Незнакомцы укладывают в картонную коробку книги, письма, печатную машинку и напечатанные страницы. Потом уходят, забрав коробку с собой. Только тут бабушка меня отпускает. В квартире хаос, как после погрома. Бабушка начинает прибираться, а отец с трудом, как в замедленной съемке, бредет в гостиную, словно его не слушаются ноги.

 

 

«Раньше, пока еще не потеряла дар речи, она вдруг принималась рассказывать какие‑то истории, которые мы все давным‑давно знали. Но притворялись, что впервые их слышим. Кажется, ее радовало, что мы так внимательно слушаем и что нам интересно…»

 

 

Мой отец был в числе тех, кого позднее назвали «отказниками». Еще в студенческие годы он познакомился с несколькими евреями, которые считали, что если еврей не эмигрировал в Израиль, то жизнь его прошла напрасно, и что для еврея не может существовать более возвышенной цели. До середины шестидесятых сионисты объединялись в небольшие группы, кое‑как поддерживавшие контакт друг с другом.

«Когда мы встречались у кого‑нибудь в квартире, – рассказывал потом отец, – то всегда включали радио и разговаривали шепотом. Наверняка ведь все прослушивалось».

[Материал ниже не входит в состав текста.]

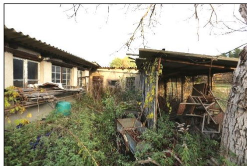
Blick auf die Nebengebäude, welche zur Ortsbesichtigung einen überwiegend technisch überalterten Zustand aufwiesen

В шестьдесят восьмом, когда мне было два с половиной года, родители подали в ОВИР заявление на выезд. Несколько месяцев спустя пришел отказ. Они подали еще одно заявление, и снова им отказали. Только в семьдесят первом году они смогли выехать из страны. В шестьдесят девятом отец написал в Верховный Совет письмо с протестом против политики режима в отношении еврейского населения. Он требовал открыть границы для всех, кто хочет эмигрировать. Копию письма он передал какому‑то датскому журналисту, и тот провез ее на Запад. Письмо напечатали в западных газетах и транслировали по израильскому радио, по радиостанции, вещавшей на коротких волнах на Советский Союз. После этого многие старые друзья, боясь репрессий, перестали общаться с моими родителями.

А вот одно из моих первых детских воспоминаний: теплый летний день, я иду с бабушкой по городу. Мне три года, я тащу за ухо бурого плюшевого мишку. У мишки оторван правый глаз. Бабушка обещала его пришить. Тогда медведь сможет видеть меня правым глазом, сидя слева от меня в электричке. Но чаще всего пассажиры не уступают место моему медведю – кстати, зовут его Миша.

Мне хорошо. Я только что выпил стакан газировки из автомата. Я до сих пор ощущаю приятный сладковатый вкус. На солнце поблескивает купол одного из главных ленинградских соборов. Смотреть на купол можно только прижмурившись. Такого тепла и такого яркого солнца я не помню. Сажусь на корточки и трогаю горячий асфальт. Бабушке это не нравится. «Не пачкай руки!» – говорит она.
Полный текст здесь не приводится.